Author(s): Kritika, Rajaram Sharma*, Tapendra N Tiwari, Sunil Kast and Saurabh Goyal
Tuberous sclerosis complex (TSC) is the rare autosomal dominant neurocutaneous disorder that affects the individual by causing various benign lesions. However, in recent studies, few cases of TSC in which a novel malignancy is also observed. TSC has mutations in two suppressor genes, i.e. TSC1 & TSC2, responsible for developing a wide range of hamartomatous lesions [1]. Recent evidence suggests that the TSC genes play an important role in the pathway whose dysregulation leads to an array of epithelial malignancies. TSC 1 mutation is mainly identified in sporadic tumours of epithelial cells that indicate important phenotypic changes resulting from modulation of the hamartin expression. Here we present a case diagnosed with carcinoma gall bladder and having tuberous sclerosis complex defining the co-relation.
A 35 years old female patient came to our hospital with complaints of pain abdomen and feeling of fullness in both flanks for the last three months. The patient had a history of occasional seizures. On physical examination, the patient had multiple papules and nodules on her face since childhood suggestive of sebaceous adenoma (angiofibroma) [Figure 1A]. She had a yellowish discolouration of the sclera and lumps in her bilateral lumbar regions. On the routine blood investigations, the patient was found to have a raised direct bilirubin level signifying an obstructed jaundice. On ultrasonography of the abdomen, an ill-defined heteroechoic lesion was observed in the segment IVb of the liver with thickening of the adjacent gall bladder wall and bilateral enlarged kidney with multiple hyperechoic lesions as renal parenchyma seen suggestive of fatty content. A CECT abdomen was advised for further evaluation, which revealed multiple sclerotic bony lesions seen in vertebral bodies (a feature of TSC which is also due to pathogenic variants in TSC1 or TSC2 genes resulting in hyperactivation of the mTOR pathway).[Figure 1C] There was a bilateral enlarged kidney with multiple lobulated mixed densities lesions, showing -55 to 45 Hounsfield Unit (HU). The majority of renal cortex was replaced by these lesions (signifies renal fat-rich angiomyolipoma) [Figure 1B] and there is an ill-defined heterogeneous enhancing mass lesion in the gall bladder fossa with direct hepatic plate infiltration. The lesion was also involving the upper common bile duct resulting in intrahepatic biliary dilatation. This lesion, on an imaging basis, was diagnosed as carcinoma gall bladder [Figure 2A,2B,2C & 2D]. The histopathological examination from the gall bladder confirmed the diagnosis of carcinoma. The prognosis was explained to the patient, and she was referred for chemotherapy
Figure 1: Images Illustrating features of tuberous sclerosis complex (TSC). (A) Clinical picture of the patient illustrates the multiple papules and nodules on her face suggestive of sebaceous adenoma (black arrows). (B) Contrast enhanced computed tomography of abdomen in axial plane showing bilateral enlarged kidney with altered CT attenuation and multiple lobulated mixed densities, irregular lesions (white arrows), showing -55 to 45 Hounsfield Unit (HU) signifies renal fat-rich angiomyolipomas . Normal real tissue is marked by stars. (C )Contrast enhanced CT scan abdomen at the region of lumbar spine in bone window, saggital plane demonstrating multiple, discrete sclerotic lesions in vertebral bodies (white arrows).

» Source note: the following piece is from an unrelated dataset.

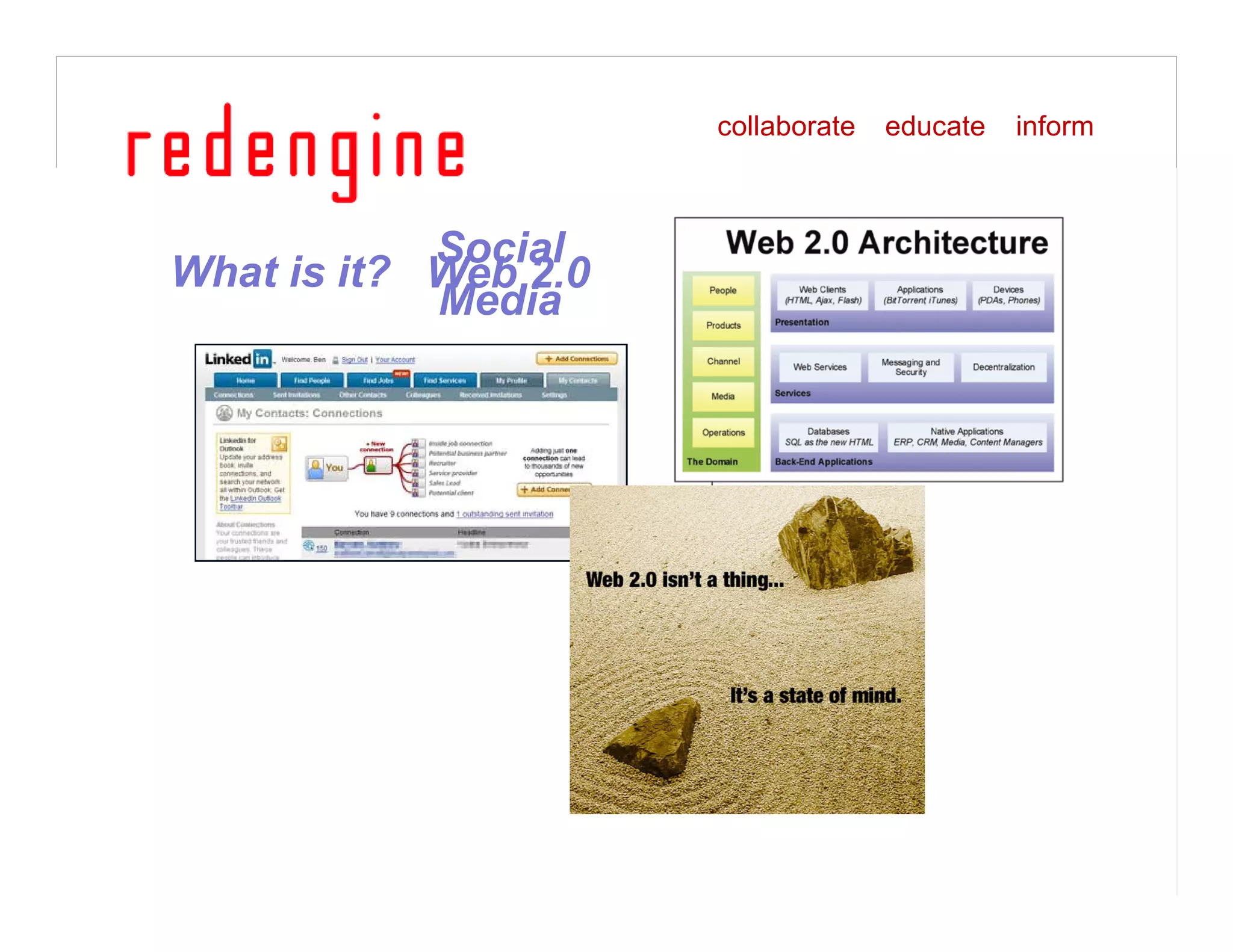 This document discusses how social media allows for collaboration, education and sharing of information. It outlines how users can access and share information easily online through technologies like wikis, blogs, podcasts and social networks. The document advocates that businesses should listen to online conversations and engage in social media to learn from customers, innovate products and services, and improve communication both internally and externally.

Figure 2: Contrast enhanced computed tomography of abdomen at the level of gall bladder fossa in axial plane illustrating findings of gall bladder carcinoma. (A) Heterogeneously enhancing lesion arising from wall of the gall bladder (white arrow). (B,C) The lesion is directly infiltrating the adjacent liver parenchyma (black arrows). Also note the renal angiomyolipomas in the kidneys (thick white arrows). (D) Dilated intra hepatic biliary radicals are marked by thick black arrows
The literature on genetic changes in various other sporadic epithelial cancers divulges the deletion or mutation in the region of the TSC genes [2]. The various genetic studies have explained the sporadic association of gall bladder carcinoma in a patient with TSC. One study stresses over the loss of heterozygosity (LOH) an association of LOH in TSC genes with various tumours types. The study states that ovarian and gall bladder carcinomas are associated with chromosome 9q LOH mapped to two discrete regions approx. >50% and >88%, respectively, one of which contains TSC1 [3]. According to another genetic study, significantly high-frequency deletions in 9q34 and 16p13 are associated with non-small-cell carcinoma, gall bladder, and ovarian carcinoma [4,5].